I feel I do this, and yes I do consult colleagues, but I still struggle. I just seem to be utterly hopeless and being able to differentiate between the important, relevant stuff and the useless stuff. On a lot of new things I spend my time learning, I often later come to realise that I wasted hours and hours on irrelevant components (ie, the car engine analogy in my OP). I am hoping that I can get some tips or mental tricks I can employ to be able to quickly figure out what I should focus on when some new piece of technology comes my way that I am expected to be able to learn.
When it comes to the technical stuff, computers, electronics, software, spacecraft, whatever, my approach is find the the immediate detail, instruction, procedure, document (insert appropriate knowledge data here) needed to accomplish the immediate task at hand. You’re not trying to become a rocket scientist all in one day. Search the online manual, Google, ask a colleague, etc. for that one specific item needed to accomplish the next step. It’s slow going sometimes, but eventually after awhile it starts to fall into place and make more sense in the “big picture” way. Keep at it long enough and maybe you will even become an “expert.”

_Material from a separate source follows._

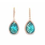 Grace your look with the mesmerizing allure of these London Blue Topaz and Diamond Halo Drop Earrings, exquisitely crafted in 18K rose gold. Each earring features a large, pear-shaped London blue topaz gemstone with a precision-cut checkerboard surface that radiates a deep oceanic brilliance. Surrounding each center stone is a delicate halo of round brilliant-cut diamonds, enhancing the topaz’s captivating depth with a touch of sparkling contrast.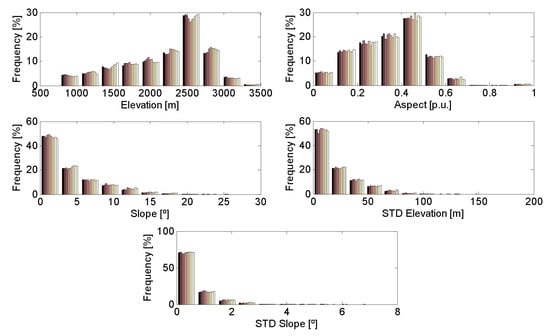 It can be expected that any of these sets are suitable as training set. In order to verify if the obtained reduced datasets are representative for the original data and to select the best training set, two additional steps are proposed here. Notice that the representativeness for solar radiation data is given automatically, as exactly one line (ten identical values) is extracted from each cell of 10 km × 10 km. First, histograms are computed for all reduced matrices of terrain data. An example is given in Figure 4, where the histograms of the ten possible training sets for terrain elevation, slope, aspect as well as for the STD of elevation and aspect are shown.

Piece it together bit-by-bit while you are actually doing it. Experience is the best teacher.
I’m a person who has a BA in journalism, who went right in to being pretty damn good at HTML, to being placed in the position of a programmer and DBA over the past 10 years.
My learning…it sucks. I CANNOT read an article or a book or even a tutorial and even begin to comprehend what I am supposed to be doing. But yet here I am - pretty proficient at ASP/VB, ASP.NET | Open-source web framework for .NET, Javascript, SQL, etc (I don’t quite get Linq or Ajax yet, but I still use them).
My one saving graces, the things that got me here are:
What Hello Again said about colleagues. My business partner can and does learn from books and articles. He learns it, he writes some stuff, I cut-and-paste his code in to what I need, Google some stuff and viola! Working application! Eventually by the end of the project, I am doing pretty well.
What Nadir said. Git-er-done. Find a code sample of something similar to your task, use the code sample, manipulate the code sample, and by the end you’ve both finished a task and learned something. Experience is indeed the best teacher.
Know when to ask for help. If you know someone else who is better at SQL than you are, for example, write out the framework of what you need them to do and see if they can execute it. Don’t spend 5 hours on something someone else can do better in 5 minutes. Once it’s done - then you read what they did, to learn. Now you have a sample to use later, too.
Now, having come at it with these approaches I still can’t tell you exactly how it all works, but my code is pretty tight and my apps are robust. I don’t think I could have done any of this on my own. With me, it took a good partner and the ability to ask for help.